A High Energy-Efficiency Multi-core Neuromorphic Architecture for Deep SNN Training

Mingjing Li,Huihui Zhou,Xiaofeng Xu,Zhiwei Zhong,Puli Quan,Xueke Zhu,Yanyu Lin,Wenjie Lin,Hongyu Guo,Junchao Zhang,Yunhao Ma,Wei Wang,Zhengyu Ma,Guoqi Li,Xiaoxin Cui,Yonghong Tian
2024-11-26
Abstract:There is a growing necessity for edge training to adapt to dynamically changing environment. Neuromorphic computing represents a significant pathway for high-efficiency intelligent computation in energy-constrained edges, but existing neuromorphic architectures lack the ability of directly training spiking neural networks (SNNs) based on backpropagation. We develop a multi-core neuromorphic architecture with Feedforward-Propagation, Back-Propagation, and Weight-Gradient engines in each core, supporting high efficient parallel computing at both the engine and core levels. It combines various data flows and sparse computation optimization by fully leveraging the sparsity in SNN training, obtaining a high energy efficiency of 1.05TFLOPS/W@ FP16 @ 28nm, 55 ~ 85% reduction of DRAM access compared to A100 GPU in SNN trainings, and a 20-core deep SNN training and a 5-worker federated learning on FPGAs. Our study develops the first multi-core neuromorphic architecture supporting the direct SNN training, facilitating the neuromorphic computing in edge-learnable applications.
Hardware Architecture,Distributed, Parallel, and Cluster Computing,Machine Learning
What problem does this paper attempt to address?
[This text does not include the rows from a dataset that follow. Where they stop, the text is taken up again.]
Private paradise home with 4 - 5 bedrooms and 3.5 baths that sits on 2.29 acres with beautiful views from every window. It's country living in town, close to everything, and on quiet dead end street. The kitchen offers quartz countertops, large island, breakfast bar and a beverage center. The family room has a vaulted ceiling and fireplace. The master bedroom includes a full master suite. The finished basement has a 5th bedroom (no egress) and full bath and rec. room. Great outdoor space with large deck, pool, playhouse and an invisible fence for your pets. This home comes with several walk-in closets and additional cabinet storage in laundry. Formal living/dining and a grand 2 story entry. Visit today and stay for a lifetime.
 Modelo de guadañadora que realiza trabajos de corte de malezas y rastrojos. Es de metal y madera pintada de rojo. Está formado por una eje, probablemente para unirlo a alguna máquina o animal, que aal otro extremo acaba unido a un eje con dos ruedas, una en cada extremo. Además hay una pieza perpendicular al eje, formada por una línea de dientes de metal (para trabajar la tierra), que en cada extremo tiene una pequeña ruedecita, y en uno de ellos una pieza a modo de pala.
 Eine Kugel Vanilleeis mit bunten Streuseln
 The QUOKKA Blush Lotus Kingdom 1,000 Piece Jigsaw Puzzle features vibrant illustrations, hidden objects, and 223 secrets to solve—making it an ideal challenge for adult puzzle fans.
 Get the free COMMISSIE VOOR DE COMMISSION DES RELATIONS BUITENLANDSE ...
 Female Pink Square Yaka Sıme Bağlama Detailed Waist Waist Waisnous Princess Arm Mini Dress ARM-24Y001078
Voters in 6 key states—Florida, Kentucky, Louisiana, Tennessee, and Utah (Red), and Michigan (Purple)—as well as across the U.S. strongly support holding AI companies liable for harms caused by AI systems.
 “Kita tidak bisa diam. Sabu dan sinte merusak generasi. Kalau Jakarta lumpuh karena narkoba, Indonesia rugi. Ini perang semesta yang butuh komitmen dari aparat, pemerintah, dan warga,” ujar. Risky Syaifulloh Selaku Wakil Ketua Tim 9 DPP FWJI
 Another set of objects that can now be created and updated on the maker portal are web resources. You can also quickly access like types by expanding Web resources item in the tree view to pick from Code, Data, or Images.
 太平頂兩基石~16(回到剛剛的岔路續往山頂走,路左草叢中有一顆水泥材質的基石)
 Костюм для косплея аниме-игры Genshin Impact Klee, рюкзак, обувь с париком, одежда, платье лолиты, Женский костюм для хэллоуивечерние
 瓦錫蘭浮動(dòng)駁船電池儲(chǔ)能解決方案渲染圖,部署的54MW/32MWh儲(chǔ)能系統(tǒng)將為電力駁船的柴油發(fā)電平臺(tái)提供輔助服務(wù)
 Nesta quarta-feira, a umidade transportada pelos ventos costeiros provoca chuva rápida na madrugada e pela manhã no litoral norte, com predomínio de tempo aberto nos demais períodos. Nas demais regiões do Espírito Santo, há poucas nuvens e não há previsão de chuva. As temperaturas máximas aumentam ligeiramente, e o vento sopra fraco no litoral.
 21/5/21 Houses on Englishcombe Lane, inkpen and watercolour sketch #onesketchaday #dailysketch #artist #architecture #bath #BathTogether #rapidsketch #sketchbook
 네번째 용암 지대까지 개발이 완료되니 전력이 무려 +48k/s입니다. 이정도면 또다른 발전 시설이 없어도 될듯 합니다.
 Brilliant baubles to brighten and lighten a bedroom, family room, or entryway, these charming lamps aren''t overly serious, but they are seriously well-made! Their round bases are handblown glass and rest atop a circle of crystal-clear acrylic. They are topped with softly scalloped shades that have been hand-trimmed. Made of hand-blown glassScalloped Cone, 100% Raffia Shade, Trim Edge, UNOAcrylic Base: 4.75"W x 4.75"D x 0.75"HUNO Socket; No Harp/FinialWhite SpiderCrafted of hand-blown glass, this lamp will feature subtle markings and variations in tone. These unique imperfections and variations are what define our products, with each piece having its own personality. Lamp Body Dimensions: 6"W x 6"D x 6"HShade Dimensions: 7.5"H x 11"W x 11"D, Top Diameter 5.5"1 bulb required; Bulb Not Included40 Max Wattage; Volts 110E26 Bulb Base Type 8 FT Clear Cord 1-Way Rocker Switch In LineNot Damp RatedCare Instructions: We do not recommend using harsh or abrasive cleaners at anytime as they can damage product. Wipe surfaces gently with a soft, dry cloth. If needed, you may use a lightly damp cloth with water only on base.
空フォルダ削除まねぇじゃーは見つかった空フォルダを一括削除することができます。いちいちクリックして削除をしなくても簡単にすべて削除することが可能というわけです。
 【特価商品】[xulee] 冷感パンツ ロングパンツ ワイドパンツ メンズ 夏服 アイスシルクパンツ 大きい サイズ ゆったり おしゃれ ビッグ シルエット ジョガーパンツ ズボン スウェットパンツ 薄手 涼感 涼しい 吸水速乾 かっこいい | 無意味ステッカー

The main problems that this paper attempts to solve include: 1. **Limitations of existing neuromorphic architectures**: - Current neuromorphic processors (such as TrueNorth, Loihi, Tianjic, etc.) are mainly designed for brain simulation, supporting forward - computation and local learning methods (such as Hebbian learning and Spike - Timing - Dependent Plasticity, STDP), but do not support direct Spiking Neural Networks (SNNs) training based on Backpropagation (BP). This results in SNN training still relying on GPUs. 2. **Lack of efficient multi - core architectures**: - Most of the existing SNN training architectures are single - core designs, lacking multi - core architectures to support efficient and flexible model partitioning, deployment, pipelining, and parallel computing, and it is difficult to meet the requirements of deep SNN training. 3. **High - energy - consumption DRAM/HBM access**: - As the parameters of the SNN model increase, frequent access to DRAM/HBM will lead to high energy consumption and long latency, especially in cases involving multiple time steps and complex data dependencies, which poses a challenge to SNN training. To solve these problems, the author proposes a new multi - core near - memory neuromorphic architecture that supports BP - based SNN training. Specifically: - **Multi - core architecture design**: Each computing core contains a Feedforward - Propagation (FP), a Back - Propagation (BP), and a Weight - Gradient (WG) engine, achieving efficient parallel computing. - **Data - flow optimization**: By jointly designing the computing core, its data - flow, and the Network - On - Chip (NOC), this architecture achieves a high level of data reuse during SNN training, reducing the number of DRAM accesses by 55% - 85% compared to the A100 GPU. - **Sparse - computing optimization**: Fully utilize the sparsity in SNN training (such as the sparsity of spike signals, the derivative of the firing function, and the membrane potential gradient), reducing energy consumption by 45% - 60% by skipping redundant calculations. In conclusion, this research has developed the first multi - core neuromorphic architecture that supports BP - based SNN training, significantly improving energy efficiency and reducing DRAM access, promoting the development of neuromorphic computing in edge - learnable applications.